As férias fora da China, outro “sonho” até há pouco tempo impossível, também estão na moda.
Pelas contas de um operador turístico internacional, o número de chineses que tenciona sair do país nesta altura aumentou 50 por cento em relação a igual período de 2009.
Os consulados norte-americanos na China, por exemplo, registaram mais de 40 000 pedidos de vistos durante este mês e as ilhas Maldivas, no Índico, esperam receber cerca de 5500 turistas chineses.
Casar é outra festa popular nesta “semana dourada”.
Em Tianjin, grande porto do norte da China, com 12 milhões de habitantes, estão previstos cerca de cinco mil casamentos por dia durante os feriados, disse o gerente de uma empresa do ramo ao jornal Global Times.

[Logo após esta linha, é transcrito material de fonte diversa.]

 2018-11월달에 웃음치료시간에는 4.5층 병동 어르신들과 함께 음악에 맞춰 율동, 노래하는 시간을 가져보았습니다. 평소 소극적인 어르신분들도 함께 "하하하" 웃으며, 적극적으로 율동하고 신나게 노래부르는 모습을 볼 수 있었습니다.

Último grande país governado por um partido comunista, a República Popular da China foi proclamada no dia 01 de Outubro de 1949.

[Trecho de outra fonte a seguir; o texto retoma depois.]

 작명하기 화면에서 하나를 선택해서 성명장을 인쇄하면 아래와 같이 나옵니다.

Nas primeiras três décadas, o país foi um “bastião da revolução proletária mundial”, mas depois converteu-se gradualmente à economia de mercado, atraindo grandes multinacionais e fomentando a iniciativa privada.

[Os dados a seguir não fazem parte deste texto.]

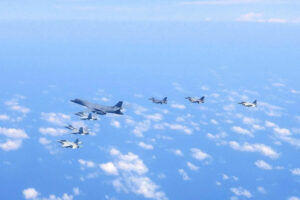 FORMATION flight of the Philippine Air Force’s FA-50 aircraft and US B-1B bomber aircraft, F16 aircraft and F18 aircraft during a bilateral air patrol over the South China Sea on April 29. — PHILIPPINE AIR FORCE

Desde a adopção da política de “Reforma Económica e Abertura ao Exterior”, em Dezembro de 1978, o Produto Interno Bruto chinês cresceu em média quase 10 por centro ao ano e já este ano tornou-se o segundo maior do mundo, a seguir ao dos EUA.
Em 2010, a economia chinesa crescerá 9,6 por cento, estimou o Banco Asiático de Desenvolvimento.
Sinal dos tempos, o primeiro-ministro chinês, Wen Jiabao, passará a maior parte das “férias” na União Europeia, o maior parceiro comercial da China.
Nos primeiros oito meses deste ano, o comércio entre a China e a UE excedeu os 300 mil milhões de dólares, um aumento de 36,2 por cento em relação a igual período de 2009.

JTM/Lusa

Yuan mais “flexível”

O Banco central chinês prometeu ontem “aumentar a flexibilidade” do yuan, numa altura em que a Câmara dos Representantes dos EUA se prepara para votar legislação susceptível de punir a China por alegada “manipulação cambial”. O anúncio do Banco foi feito no dia em que o yuan atingiu o mais alto valor de sempre face ao dólar norte-americano, cotando-se em 6,6936 por um dólar, uma valorização de 1,96 por cento em cerca de três meses. O recorde ilustra a “flexibilidade” da política cambial anunciada em Junho pelo governo chinês, depois de persistentes críticas ocidentais à “artificial sub-avaliação” do yuan.